With sys_msg=true (default):
```json
{
  "messages": [
    {
      "role": "system",
      "content": "You are tasked with designing an immersive virtual reality experience that transports users to a fantastical world of wonder."
    },
    {
      "role": "user",
      "content": "Create a descriptive passage about a character discovering their hidden talents."
    },
    {
      "role": "assistant",
      "content": "As she stared at the canvas, Emma's fingers hovered above the paintbrushes, as if hesitant to unleash the colors that had been locked within her. The strokes began with bold abandon, swirling blues and greens merging into a mesmerizing dance of light and shadow. With each passing moment, she felt herself becoming the art – her very essence seeping onto the canvas like watercolors in a spring storm. The world around her melted away, leaving only the vibrant symphony of color and creation."
    }
  ]
}
```

With sys_msg=false:
```json
{
  "messages": [
    {
      "role": "user",
      "content": "Create a descriptive passage about a character discovering their hidden talents."
    },
    {
      "role": "assistant",
      "content": "As she stared at the canvas, Emma's fingers hovered above the paintbrushes, as if hesitant to unleash the colors that had been locked within her. The strokes began with bold abandon, swirling blues and greens merging into a mesmerizing dance of light and shadow. With each passing moment, she felt herself becoming the art – her very essence seeping onto the canvas like watercolors in a spring storm. The world around her melted away, leaving only the vibrant symphony of color and creation."
    }
  ]
}
```

## Model Compatibility

The library should work with most LLM models. It has been tested with the
following models so far:

- **Mistral**
- **LLaMA3**
- **Qwen2.5**

## Unpredictable Behavior

The library is designed to generate synthetic data based on the prompts and instructions
provided. The quality of the generated data is dependent on the quality of the prompts
and the model used. The library does not guarantee the quality of the generated data.

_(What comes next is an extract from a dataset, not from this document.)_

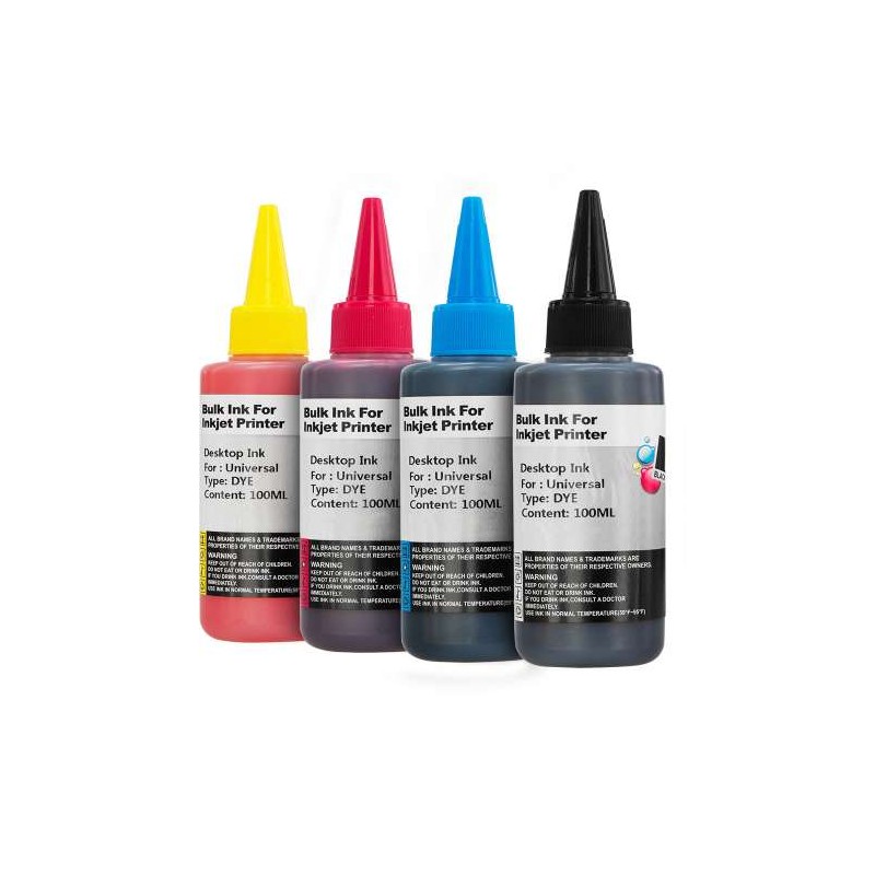Kit de recarga de tintas para tinteiros de impressoras 1 x Preto - 100ml 1 x magenta - 100ml 1 x amarelo - 100ml 1x azul - 100ml

Large Language Models can sometimes generate unpredictable or inappropriate
content and the authors of this library are not responsible for the content
generated by the models. We recommend reviewing the generated data before using it
in any production environment.

Large Language Models also have the potential to fail to stick with the behavior
defined by the prompt around JSON formatting, and may generate invalid JSON. This
is a known issue with the underlying model and not the library. We handle these
errors by retrying the generation process and filtering out invalid JSON. The 
failure rate is low, but it can happen. We report on each failure within a final
summary.

## Contributing

If something here could be improved, please open an issue or submit a pull request.

### License

This project is licensed under the Apache 2 License. See the `LICENSE` file for more details.